Dataset records START
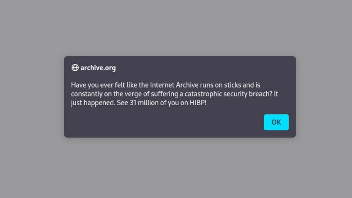 Сайт Архива Интернета Archive.org, известный своей уникальной базой данных с историей веб-страниц, подвергся серьёзной хакерской атаке. В результате взлома, который произошёл месяц назад, была скомпрометирована информация о 31 миллионе пользователей. На главной странице сайта появилось тревожное сообщение, которое указывало на масштаб утечки данных. Электронные адреса, имена пользователей и хэшированные пароли стали доступны на онлайн-сервисе проверки утечек данных Have I Been Pwned (HIBP).
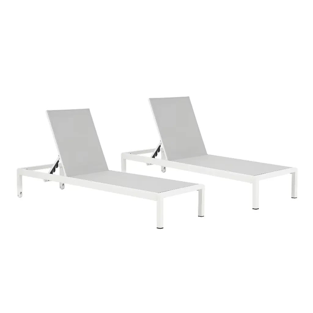 Paged Patio Chaise Lounges Set Of 2 Aluminum Frame Recliner With Mesh Modern Lounge Chair For Garden, Poolside, Gray White
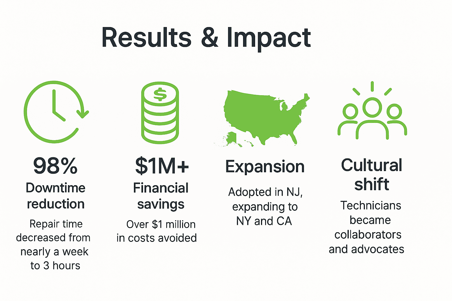 Downtime reduction: Repair response time dropped by over 98%, from nearly a week to three hours.
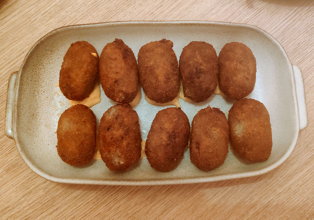 Con ellos pusieron de aperitivo aceitunas empanadas fritas. Algo
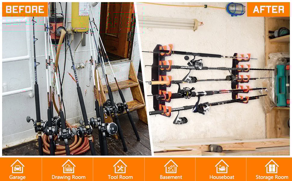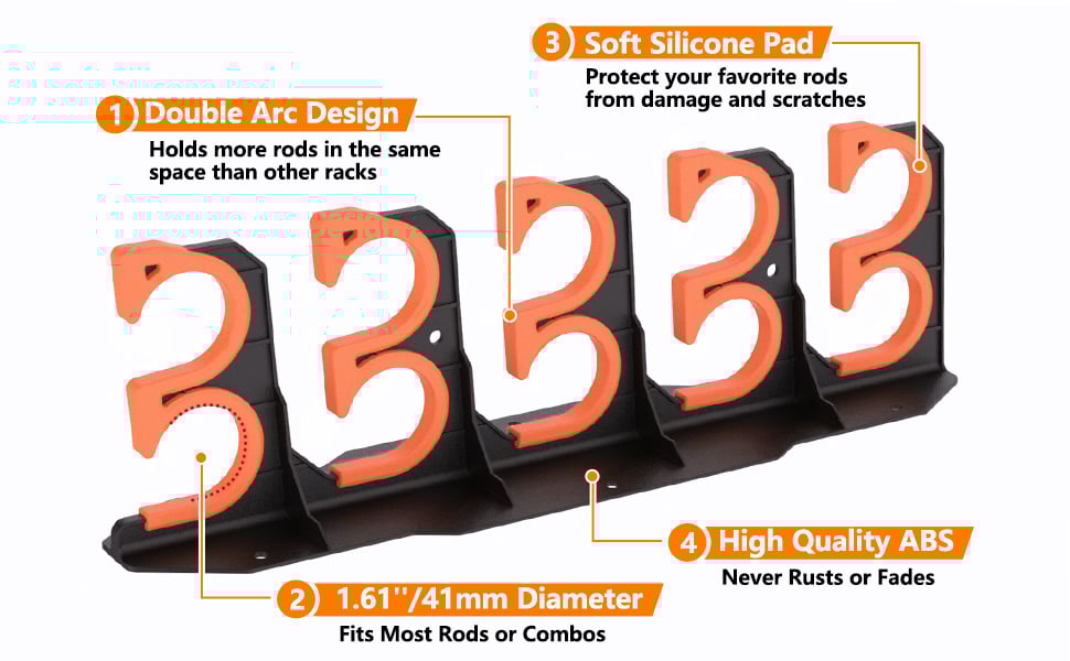 ăInnovative Arc Structure DesignăThis fishing rod holder storage adopts an innovative Inclined Opening combined with Arc Structure Designed. The Inclined Opening makes easily store or take out your fishing rod simply insert the butt of the rod into one of the holes and guide the tip through the opening on the opposite rack for safe storage.Please alternate the direction the rod is facing on the top and bottom hooks to make sure it holdsa total of 10 rods with reels without hitting each other.The arc structure ensures rods and combos wrapped well and securely in your fishing rod rack.
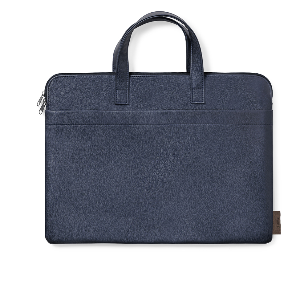 Durable, premium document holder made of recycled leather. Main compartment with zip closure and double metal puller. Padded inside, with outside pocket and matching reinforced handles. Outside label with the distinctive of recycled leather. Recycled leather recovers the fibers discarded in the manufacturing processes of leather, minimizing the waste of material, contributing to reduce the environmental impact, and preserving at the same time the original features of the leather.
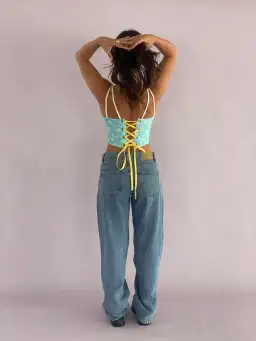 Made from our signature logo print linen. The corset is fully lined with an adjustable tie back, lace straps and gold detailing. Details: Made from linen. Lined with natural cotton. Boning throughout Twin lace straps. Gold detailing. Tie up back.
Dataset records END
All that is needed is an exact copy of the entries above, minus the pictures.

 Сайт Архива Интернета Archive.org, известный своей уникальной базой данных с историей веб-страниц, подвергся серьёзной хакерской атаке. В результате взлома, который произошёл месяц назад, была скомпрометирована информация о 31 миллионе пользователей. На главной странице сайта появилось тревожное сообщение, которое указывало на масштаб утечки данных. Электронные адреса, имена пользователей и хэшированные пароли стали доступны на онлайн-сервисе проверки утечек данных Have I Been Pwned (HIBP).
 Paged Patio Chaise Lounges Set Of 2 Aluminum Frame Recliner With Mesh Modern Lounge Chair For Garden, Poolside, Gray White
 Downtime reduction: Repair response time dropped by over 98%, from nearly a week to three hours.
 Con ellos pusieron de aperitivo aceitunas empanadas fritas. Algo
 ăInnovative Arc Structure DesignăThis fishing rod holder storage adopts an innovative Inclined Opening combined with Arc Structure Designed. The Inclined Opening makes easily store or take out your fishing rod simply insert the butt of the rod into one of the holes and guide the tip through the opening on the opposite rack for safe storage.Please alternate the direction the rod is facing on the top and bottom hooks to make sure it holdsa total of 10 rods with reels without hitting each other.The arc structure ensures rods and combos wrapped well and securely in your fishing rod rack.
 Durable, premium document holder made of recycled leather. Main compartment with zip closure and double metal puller. Padded inside, with outside pocket and matching reinforced handles. Outside label with the distinctive of recycled leather. Recycled leather recovers the fibers discarded in the manufacturing processes of leather, minimizing the waste of material, contributing to reduce the environmental impact, and preserving at the same time the original features of the leather.
 Made from our signature logo print linen. The corset is fully lined with an adjustable tie back, lace straps and gold detailing. Details: Made from linen. Lined with natural cotton. Boning throughout Twin lace straps. Gold detailing. Tie up back.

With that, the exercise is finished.